For more details, see `vignette("OverlapEncodings")`.

The returned object is of the class `Hits`, and can be interrogated
with `queryHits` and `subjectHits`. Transcripts 2 and 3 have the most
compatible alignments, though these are also the longest transcripts.

```{r}
fco <- findCompatibleOverlaps(gap, usf2)
fco
countSubjectHits(fco)
```

Note that elements of the query (paired alignments) can be compatible with 
multiple elements in the subject (transcripts). 
We may therefore want to categorize the paired alignments into *equivalence classes*, 
defined by the set of transcripts that the alignments are compatible with.
An early proposal for collapsing RNA-seq reads 
into equivalence classes can be found in 
[Statistical Modeling of RNA-Seq Data](http://www.ncbi.nlm.nih.gov/pmc/articles/PMC3846358/)
by Salzman, J., Jiang, H., and Wong, W.H.
Another reference on the use of equivalence classes for RNA-seq data is 
the [Sailfish paper](http://www.ncbi.nlm.nih.gov/pubmed/24752080),
discussing equivalence classes for read k-mers.
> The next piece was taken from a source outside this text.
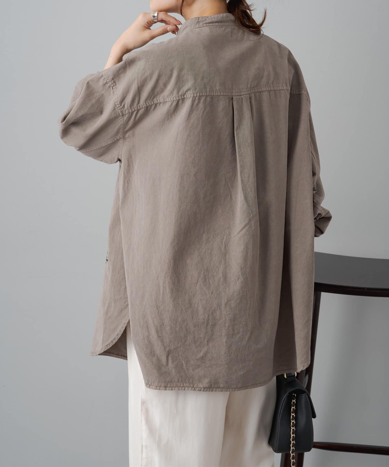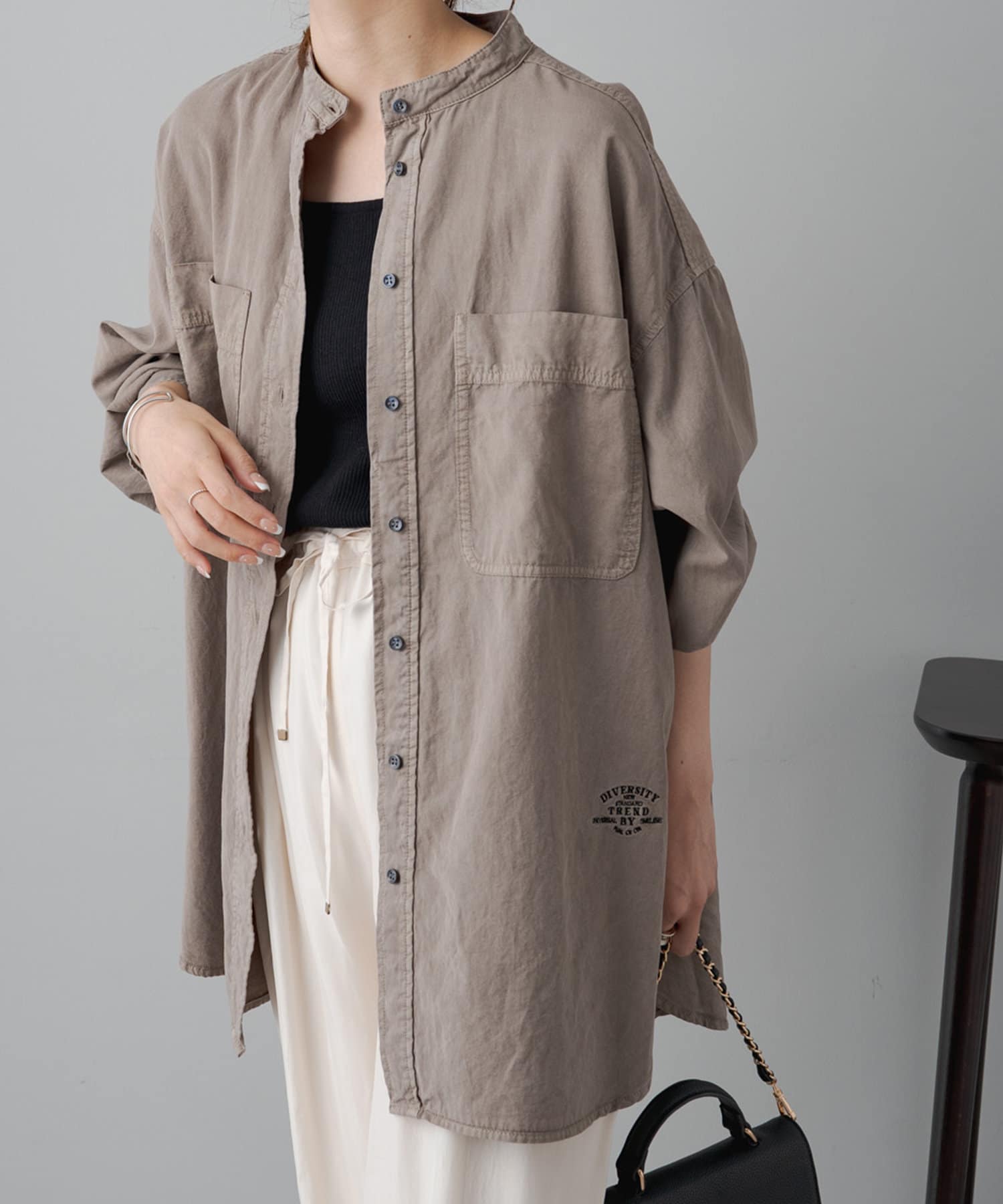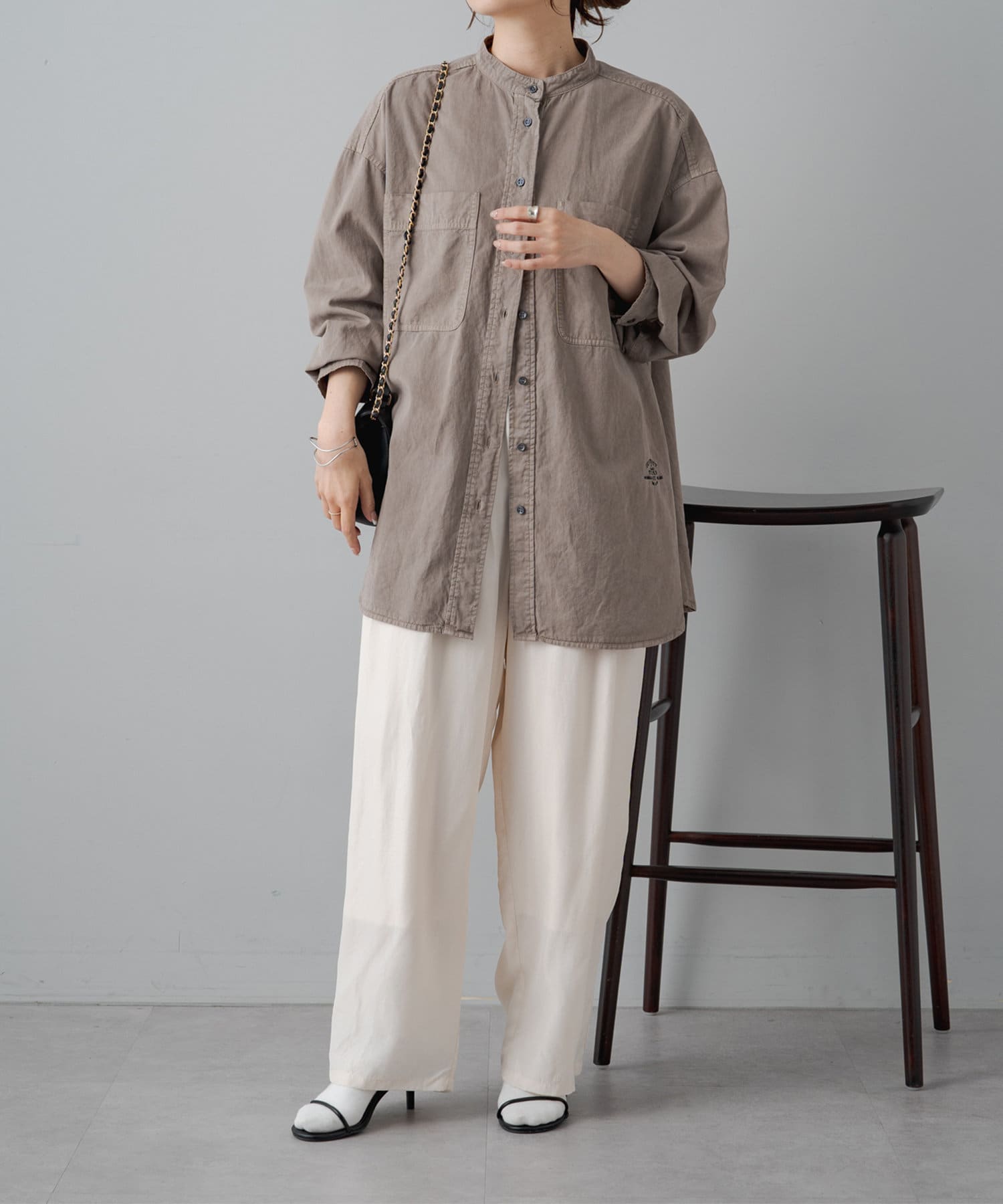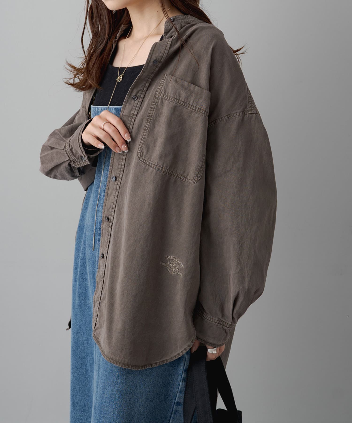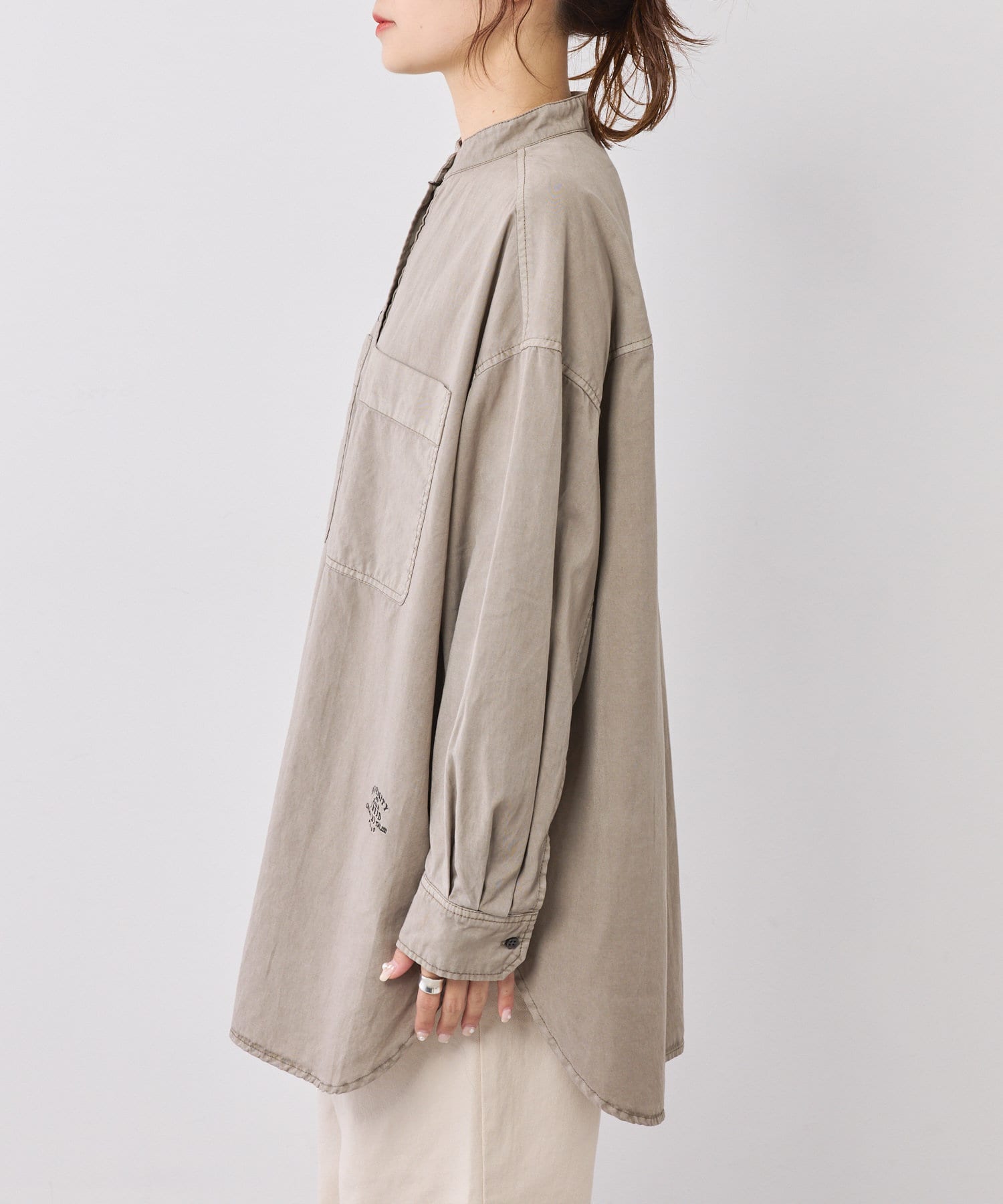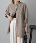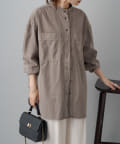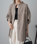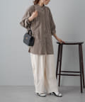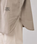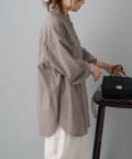 スタイリングはチュニックのような感覚で裾をアウトにしてボトムを合わせるもよし、前裾をボトムにタックインして着用するもよし、フロントボタンを開けて羽織として着用してもよし。

Here we will rename each paired alignment using a 1 or 0
if it is or is not compatible with a transcript.
So `1-1-0-0-1` means that a paired alignment is compatible
with transcripts 1, 2, and 5.

```{r}
tab <- table(queryHits(fco), subjectHits(fco))
tab <- as.matrix(tab)
frags <- apply(tab, 1, paste, collapse="-")
frags[1]
```

We can then tabulate the paired alignments using their new
names. Note that we have the same number of alignments
this way as if we count the unique number of query hits.

```{r}
table(frags)
sum(table(frags))
length(unique(queryHits(fco)))
```

We can see by scanning the table that many reads are
not compatible with transcript 1, 4, or 5.

# Map to transcripts

Another useful operation is to map from genomic coordinates to 
transcript coordinates. Note that, if we only wanted to 
have transcript alignments from the start, we could have used
software such as [RSEM](http://deweylab.github.io/RSEM/) or 
[RapMap](https://github.com/COMBINE-lab/RapMap) to produce
a BAM file contain *transcriptome* alignments. 
Such a file will necessarily contain, for many pairs, 
the alignment of the paired reads to the many isoforms of a gene
with which it is compatible. The genomic alignment file
will only contain multiple alignments for pairs when they 
are at different *genomic* loci.

To map our genomic coordinates to transcript coordinates,
we have to map the start and end of each fragment separately, 
because `mapToTranscripts` does not work on
*GAlignmentPairs*. Furthermore, from the man page we can read that,
"A successful mapping occurs when `x` is 
completely within the `transcripts` range".
So we will break apart each paired alignment that is
compatible with our transcript of interest into a start position and
an end position, map these positions to transcript 
coordinates, then rebuild the fragment afterward.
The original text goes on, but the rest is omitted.